Hmm you make a good point, but have you considered that your health insurance provider really wants to know these things, and will pay up to $0.35 to learn them? It would be criminally negligent for Amazon not to build and sell that profile!


I think it should be a fundamental right to pay for goods with cash.


no, no, because you can just grow your own, or just buy guns with cash and use them to exchange them to food. (and if it's not interstate no need for paperwork, right? - in freedom states)


good.

returning/replacing something at a grocery store shouldn't take hours of overseas phone-calls and arguments.

ask me how I know.


"Dash Cart" is something Esselunga does in Italy since a long time ago. Nothing new.


This was an amazing system! All we needed was more law enforcement to keep things running.


Some of the questionable "grocery store tech" that I have seen Amazon push out:

- "just walk out" - what a joke. just another way to capture more data points on your "shopping habits" and build more meaningful profiles against you. Oh John picked up the "Radical Juice X", let's start pushing out the "GOP" package of ads when John searches on Amazon for products. Prefer products with "red" color.

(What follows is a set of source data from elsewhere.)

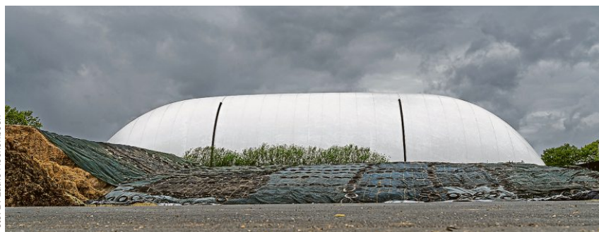
Zwei Energiespeicher auf einem Bild: Im Hintergrund ist der Gasspeicher, das „Tüttendorfer Ei“, zu sehen. Im Vordergrund liegt Silage. Sie speichert Sonnenenergie von der Ernte bis zum Einsatz in der Biogasanlage.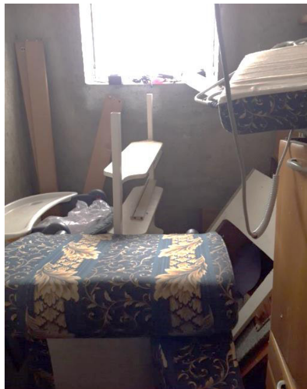
Foto 12. Cantina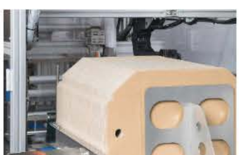
⑦ 段ボールマガジン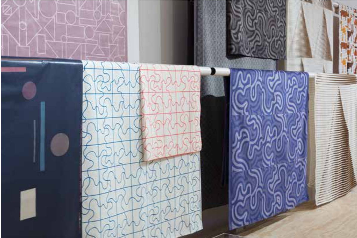
Verner Pantone: Kollektionen der 1980er-Jahre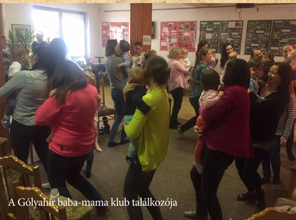
A Gólyahír baba-mama klub találkozója

- "pay with your palm" [at Whole Foods] -- yea, right. I am going to give out my handprint to amazon. piss off


Surely the data of what products you picked up is much less valuable than the data of what products you actually bought, which would be trivial to collect with a normal checkout system.


> Though it seemed completely automated, Just Walk Out relied on more than 1,000 people in India watching and labeling videos to ensure accurate checkouts. The cashiers were simply moved off-site, and they watched you as you shopped.

This is both sad and pathetic. Not to mention devastates the local community. Instead of kids being able to get their first part-time job in a local shop stocking shelves or doing checkout these opportunities were completely offshored abroad.


My concerns about this were theft, mistakes, cost to operate, and opportunity costs.

Theft is an obvious one. It happens in self checkouts in many ways. We had people come into our store to just leave with baskets of stuff, load their pockets, take stuff from one box to put in a cheaper one they bought, or even put raw eggs and meat in their pockets. That was with a ton of workers in the store looking out for thieves.

Errors could result in us being charged for what we didn’t buy. The amount could be lower or higher. Some people go through their whole receipt double checking it. Many of us just watch it as they ring it up, deal with it there, and stop thinking about it once we leave. Could this impact peace of mind?

Cost to operate seemed like it might be high. Aldi and Costco show a traditional self-checkout can be cheap to operate on top of serving high-end customers. (See theft/shrink, though.) I figured the machine learning alternatives would cost thousands to tens of thousands a unit for combinations of cameras, servers, and licensed software. They’d also need to be monitored and/or trained by humans which this article just confirmed.

I was also worried about fraud. My company bought a solution that monitored customers with infrared cameras, monitored checkouts, and predicted how many registers we needed. That was a terrible system that hurt us more than it helped. We were required to act like it worked to please those who spent hundreds of millions on it. I wondered how often such dishonest referrals helped the supplier sell them. Made me skeptical about more AI.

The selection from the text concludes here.